Epidemiology of Hospital Infections Indian Medical PG Question 2: What is the best way to control the MRSA infection in the ward?
- A. Fumigation of ward frequently
- B. Washing hand before and after attending patients (Correct Answer)
- C. Wearing masks during invasive procedures in ICU
- D. Vancomycin given empirically to all the patients
Epidemiology of Hospital Infections Explanation: **Washing hand before and after attending patients**
- **Hand hygiene** is the single most effective measure in preventing the transmission of **healthcare-associated infections**, including **MRSA**.
- **Healthcare workers' hands** are the primary vehicle for spreading pathogens from one patient to another.
*Fumigation of ward frequently*
- **Fumigation** is generally not recommended for routine infection control and has limited efficacy against resistant organisms like **MRSA** in this context.
- It does not address the primary mode of transmission, which is direct contact via **contaminated hands** or surfaces.
*Wearing masks during invasive procedures in ICU is important.*
- While important for preventing infections during **invasive procedures** and protecting against **aerosolized pathogens**, masks are not the primary strategy for controlling the spread of **MRSA** in routine ward settings.

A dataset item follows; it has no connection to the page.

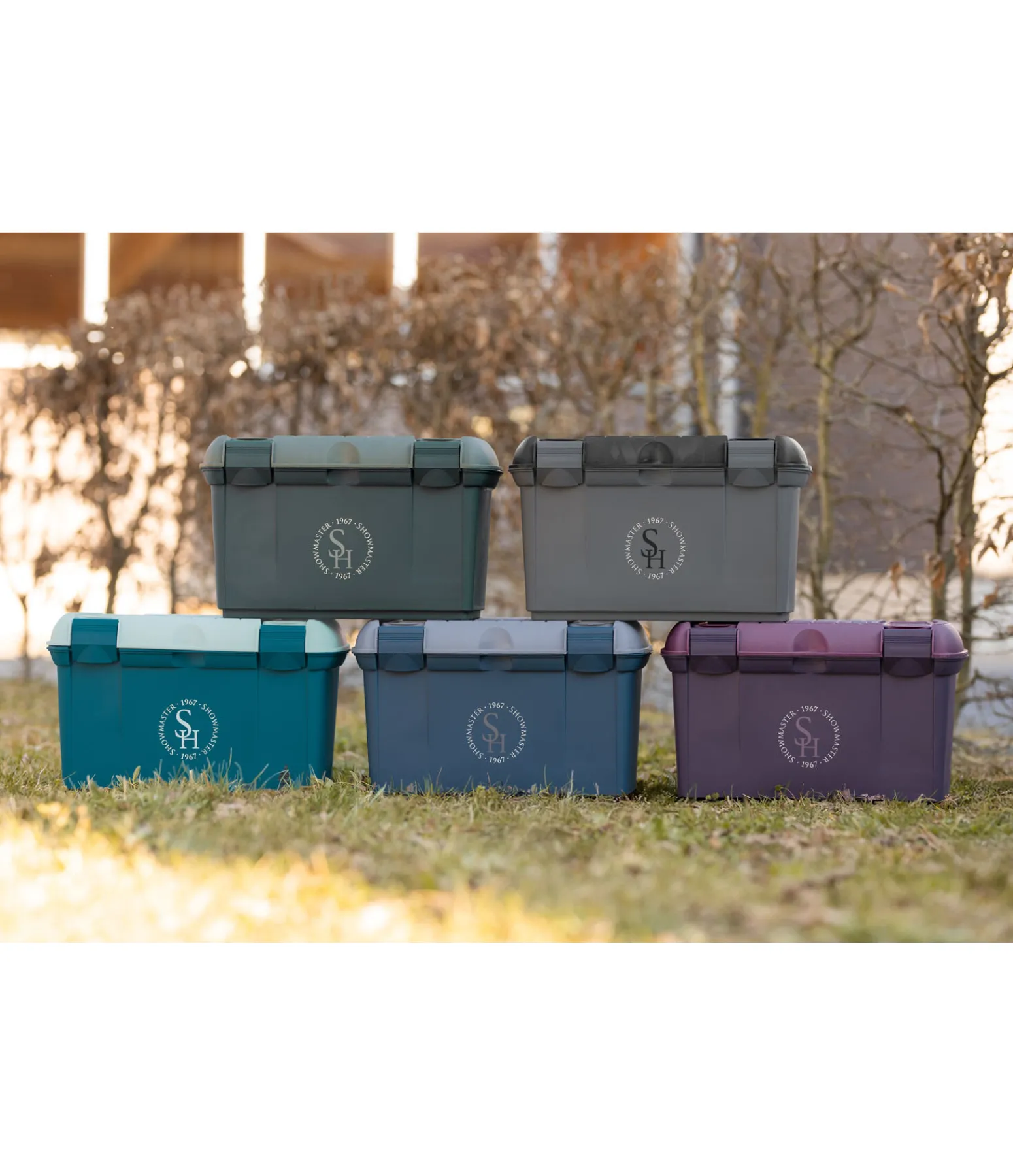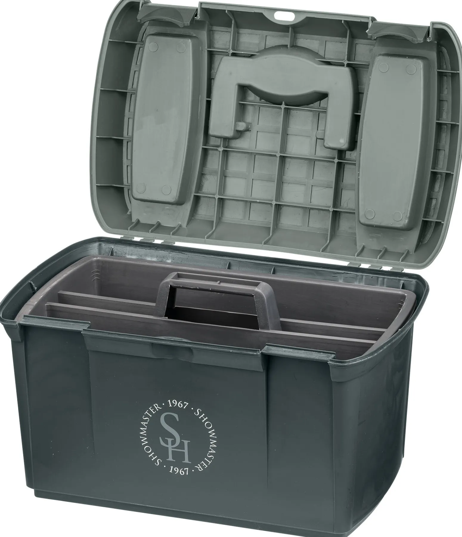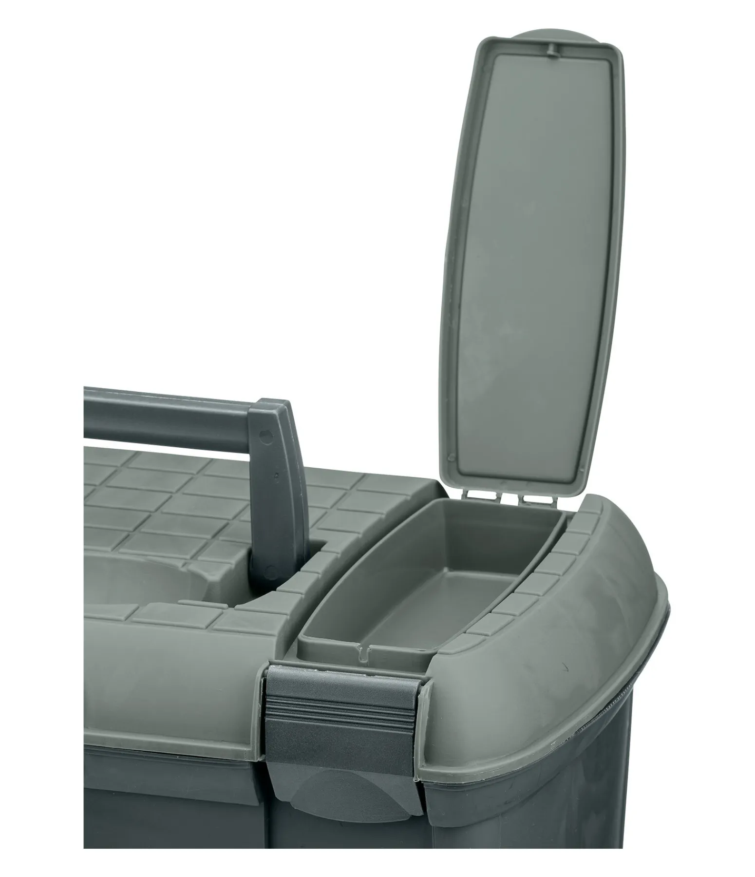 Coffre de pansage solide en plastique avec intérieur compartimenté. Compartiment pour petits accessoires amovible. Verrouillable. Cadenas non inclu. 39 x 25 x 25 cm.

- **MRSA transmission** is predominantly contact-based, not airborne.
*Vancomycin given empirically to all the patients*
- **Empirical broad-spectrum antibiotic use** for all patients is a significant driver of **antibiotic resistance**, including **MRSA**.
- It should be reserved for patients with suspected or confirmed **MRSA infections** based on clinical criteria and culture results, not as a general preventive measure.

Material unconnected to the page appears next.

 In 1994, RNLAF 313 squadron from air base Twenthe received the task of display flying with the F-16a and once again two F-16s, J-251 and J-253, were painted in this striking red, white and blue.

Epidemiology of Hospital Infections Indian Medical PG Question 3: Which disease comes under International Surveillance?
- A. Typhoid fever (Correct Answer)
- B. Chikungunya fever
- C. Hepatitis B
- D. Salmonellosis
Epidemiology of Hospital Infections Explanation: ***Typhoid fever***
- **Typhoid fever** is monitored by the **World Health Organization (WHO)** through global surveillance systems to track incidence, guide vaccination strategies, and implement control measures.
- While **not on the mandatory notification list** under the International Health Regulations (IHR) 2005, typhoid is included in **WHO's global disease surveillance** programs due to its significant disease burden in endemic regions.

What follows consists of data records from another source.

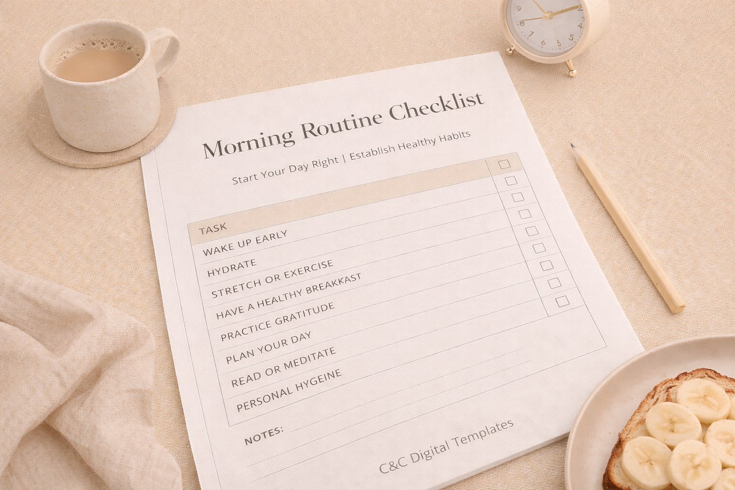 Build a calm and consistent morning routine with this simple checklist. Designed to support focus, energy, and intentional daily habits.
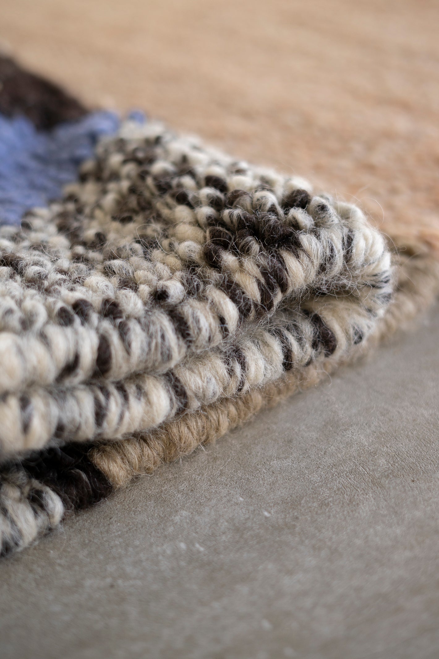This rug features distinct geometric lines and shapes, creating a visual appeal. Its bright and at the same time monochrome colours draw the eye and infuse the room with a sense of playfulness. Perfect for adding a lively touch to any space, this rug combines design with dynamic energy.
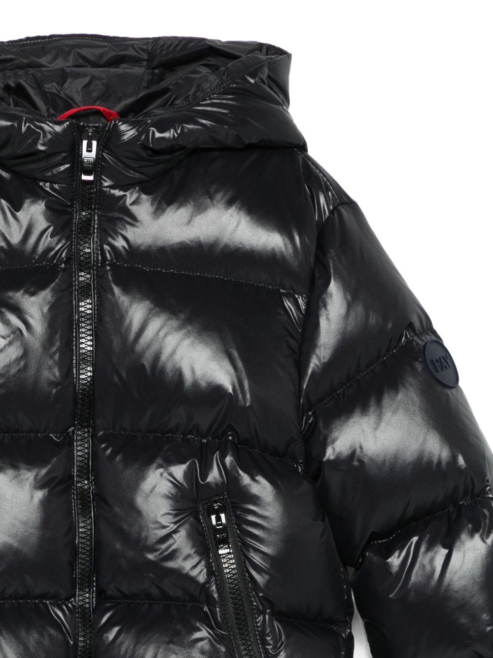 The Fay Kids black hooded down jacket for boys is available on the RubinoKids.com online store. Made of 100% polyamide, it features a black hood, zip closure, welt pockets, and a straight hem. Available in various sizes, it is part of the Fay Kids Fall/Winter 2025 collection and is available for 24-48 hour delivery in Italy.
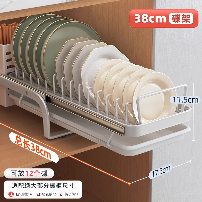 • ◑[업그레이드 및 두꺼워짐] [38cm 단일 레이어] 풀아웃 그릇 랙 + 접시 랙 - 내구성이 뛰어난 전기 도금 슬라이드◑
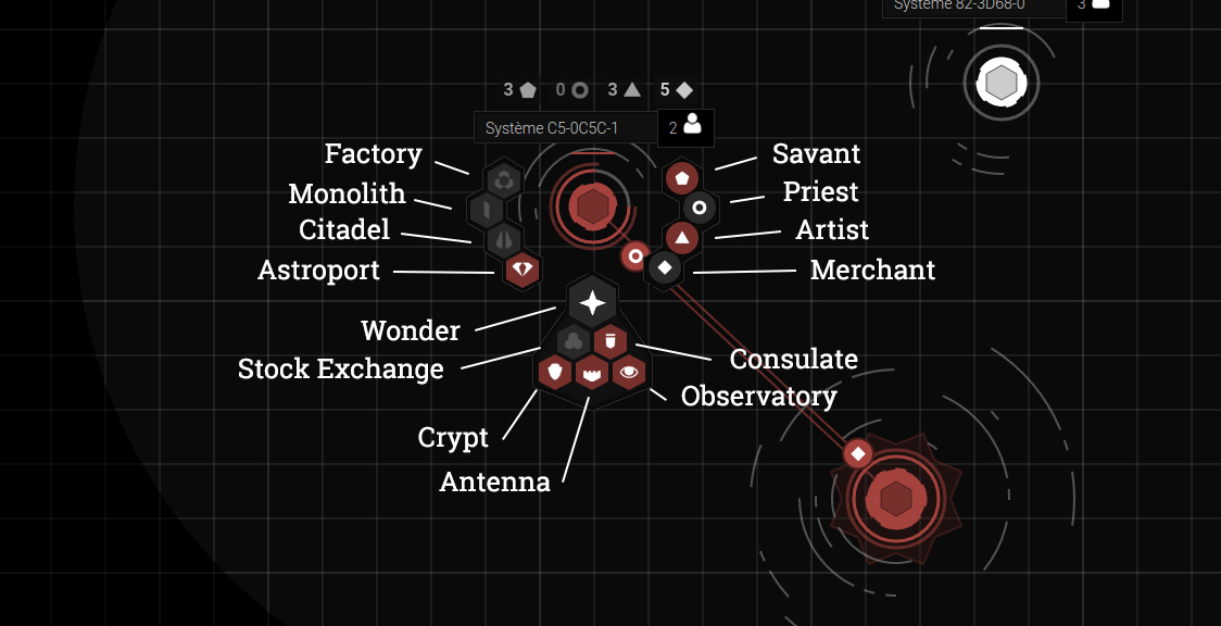 The player can build a single building per solar system. Different types of buildings give different type of bonus, be it points or credits to progress in the current mission. Great Characters have a cost in characteristics points and credits. So the player has to manage his buildings well to produce the needed points, credits and benefit from the different useful bonuses.
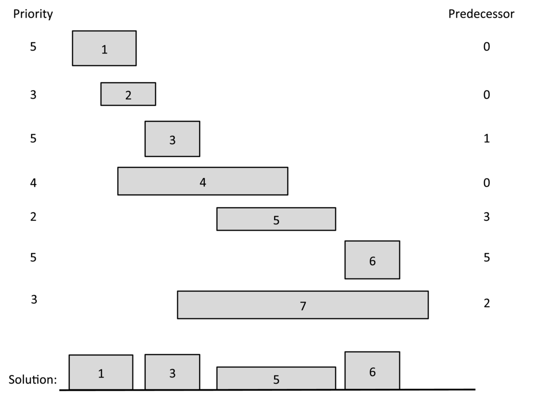 Figure 1: The telescope scheduling problem. The left and right boundary of each rectangle represent the start and finish times for an observation request. The height of each rectangle represents its benefit. We list each request’s benefit on the left and its predecessor on the right. The requests are listed by increasing finish times. The optimal solution has total benefit 17 = 5+ 5+ 2+ 5.
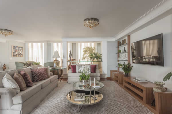 A arquiteta Marta Martins aproveitou os sofás dos moradores e apostou em almofadas. Já a mesa de centro nova deu um toque de modernidade sem “bigar” com o restante da decoração, inclusive com o móvel da TV, que apenas foi pintado | Foto: Thiago Travesso
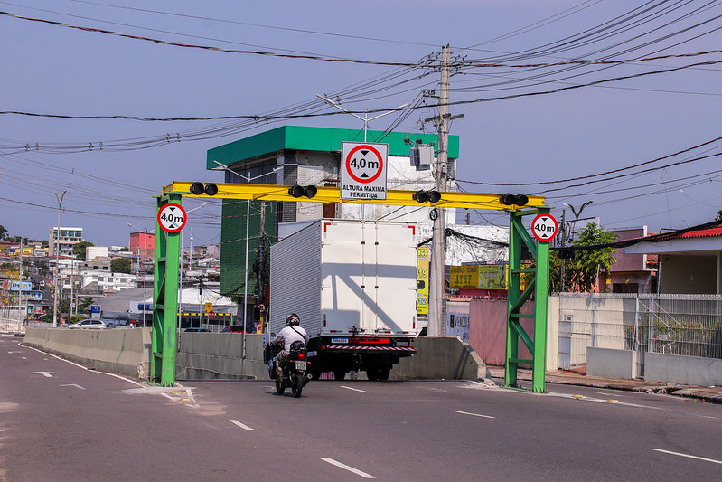 Visando prevenir sinistros de trânsito, a Prefeitura de Manaus, por meio do Instituto Municipal de Mobilidade Urbana (IMMU), instalou, na avenida João Valério, no sentido São Jorge, zona Centro-Sul, uma sinalização vertical equipada com sensor de presença. Essa medida tem como objetivo evitar colisões de veículos que possuam altura igual ou superior a quatro metros com o delimitador.
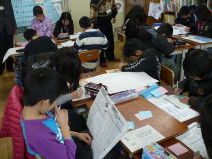 冬休みにエコに取り組めたことをグループで話し合いながら,今後の目標について話し合いました。
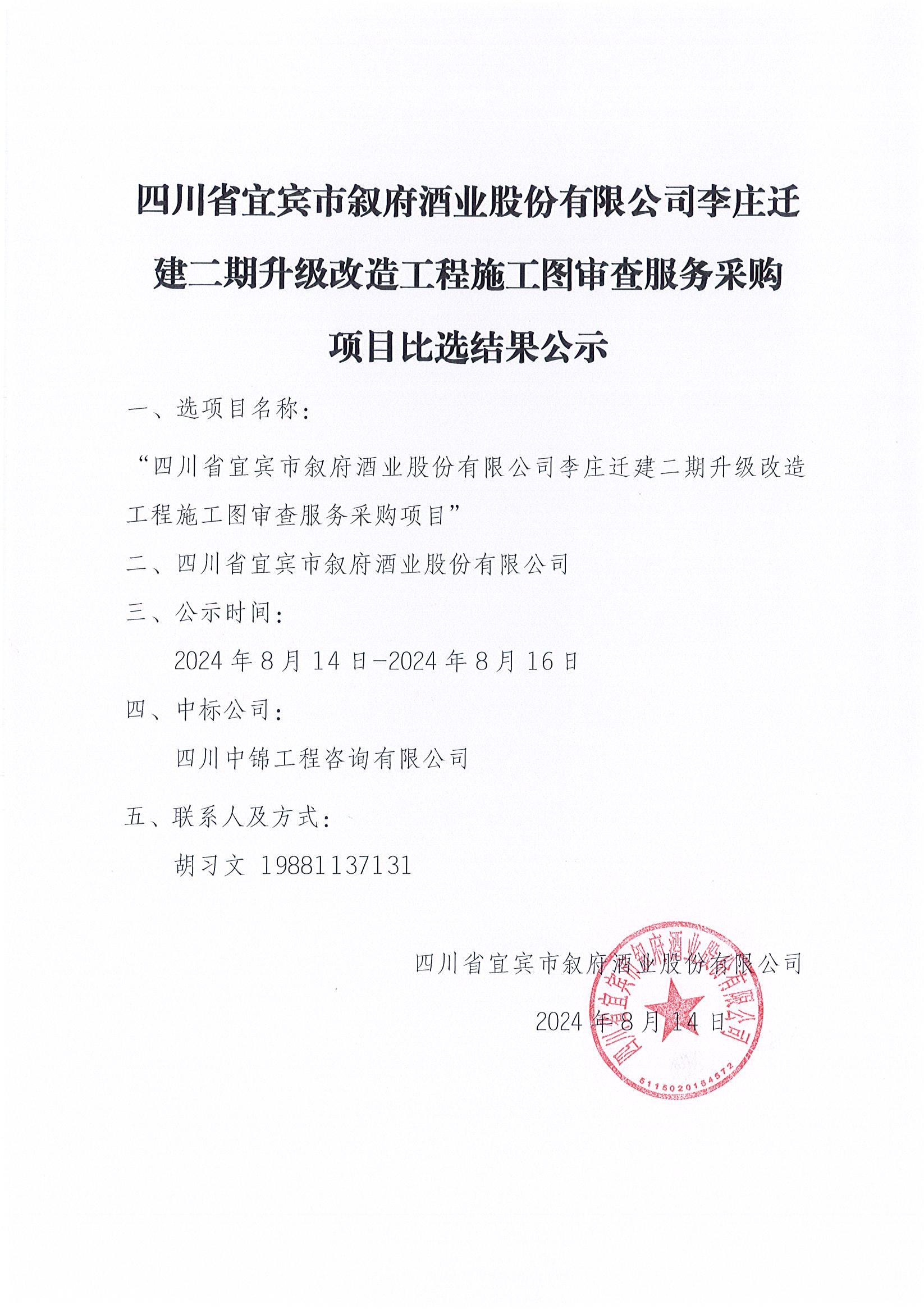 四川省宜賓市敘府酒業(yè)股份有限公司李莊遷建二期升級改造工程施工圖審查服務(wù)采購項目中標結(jié)果公示公告

- Among the given options, typhoid fever has the **strongest international surveillance framework** through WHO's Global Foodborne Infections Network and regional surveillance systems.
- **Note:** Diseases under **mandatory IHR surveillance** include cholera, plague, yellow fever, smallpox, poliomyelitis, SARS, and novel influenza subtypes.
*Chikungunya fever*
- Chikungunya is primarily monitored through **national and regional surveillance** systems rather than comprehensive international surveillance frameworks.
- WHO tracks outbreaks through epidemic intelligence but it is **not part of mandatory IHR notification**.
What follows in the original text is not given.